Reading Time: 9 minutes

In May I took Dave Beazley’s week-long course on compilers. This is the second post in a series about that course. Here’s where you can see all the posts so far.

In the last post, we talked about how computers work—specifically, what happens under the hood when we issue them a command. That’s really the last step in the compilation-to-execution flow: executing an instruction on a machine. Before we continue, let’s envision that entire compilation-to-execution flow with this handy illustration from Crafting Interpreters (thank you, Bob):

Compiler Mountain

On the left is where our source code in our programming language goes in. On the right is where machine instructions come out—the kind we might run on the machines we dissected in the previous post.

In the middle, toward the apex of the mountain, you see “syntax tree.” That’s our base camp for this post. The syntax tree is a data model representation of the instructions contained in our source code. For example, suppose we have the following expression in Wabbit:

2 + 3 * 4;

This code comprises two binary operations: the operation that multiplies 3 and 4, and then the operation that adds together 2 and the result of the operation that multiplies 3 and 4. A data model might represent that set of instructions like this:

BinaryOperator('+', Integer('2'),
       BinaryOperator('*', Integer('3'), Integer('4')))

It’s called a syntax tree because it has a treelike structure with higher precedence (executed first) types, statements, and expressions nested inside lower precedence ones.

Terminology Break!

type – one of the primitive classifications of values in the source language. Examples: integer, float, or string.

statement – a code structure in the source language that has behavior but no return value. Example: a print statement.

expression – a code structure in the source language that has a return value. Example: a binary operation.

– Me, explaining the words I am using

Here’s an illustration of how the syntax tree might look for the line 2 + 3 * 4; that shows you the tree-like shape:

In this case, the multiplication operation happens before the addition operation, and interpretation of the operands happens even before that.

In other words, an interpreter could traverse this syntax tree by recursively interpreting the expressions. It would navigate to the bottom of the tree, interpret the integers 3 and 4 into the target instruction language, multiply those together in the target instruction language, then step out and interpret the integer 2, and finally add 2 to the result of the multiplication operation.

The process of getting from source code to a data model is called parsing. Our example demonstrates the result of a recursive descent parser, which translates source code into a syntax tree that allows recursive traversal at the interpretation step (there are other kinds of parsers, but we’ll leave that discussion for later).

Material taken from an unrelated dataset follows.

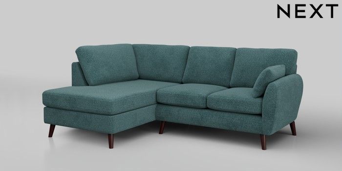 6.12.1 Buy Wilson Medium Corner Chaise - Left Hand Chunky Chenille Mid Teal Green Retro Tapered - Dark Brown from the Next UK online shop Click here to use our accessible website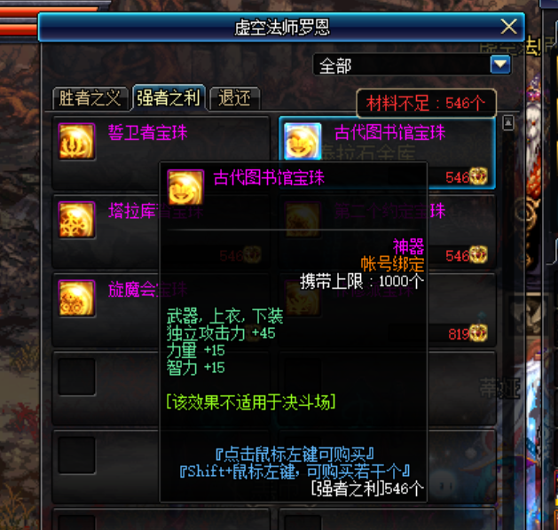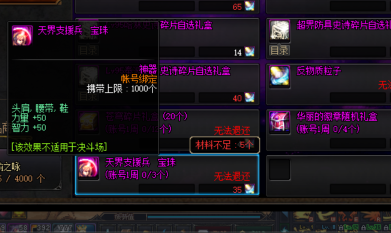 第一个就是攻坚商店中的宝珠,在周年庆改版以后,攻坚商店中的漩涡商店就新增了一个宝珠,天界支援兵宝珠。这个宝珠可以增加50点力量和智力,附魔的位置是护肩腰带和鞋子。这个宝珠的出现,完美解决了平民玩家没有节日附魔的烦恼,而且总共增加150点四维。面板又好看,又有的加强,兑换一个只需要35个反物质粒子,一周可以兑换3个。

Here’s what you need to know about parsing right this minute: it’s an absolute bear. It’s hard AF. It’s hard because it turns freeform text—yes, text in a highly structured language, but still freeform text—into a data representation. Furthermore, the parsing step needs to catch parsing errors where the source code does not adhere to the rules of the language. In a one-week class, we could easily lose the whole week to parsing alone.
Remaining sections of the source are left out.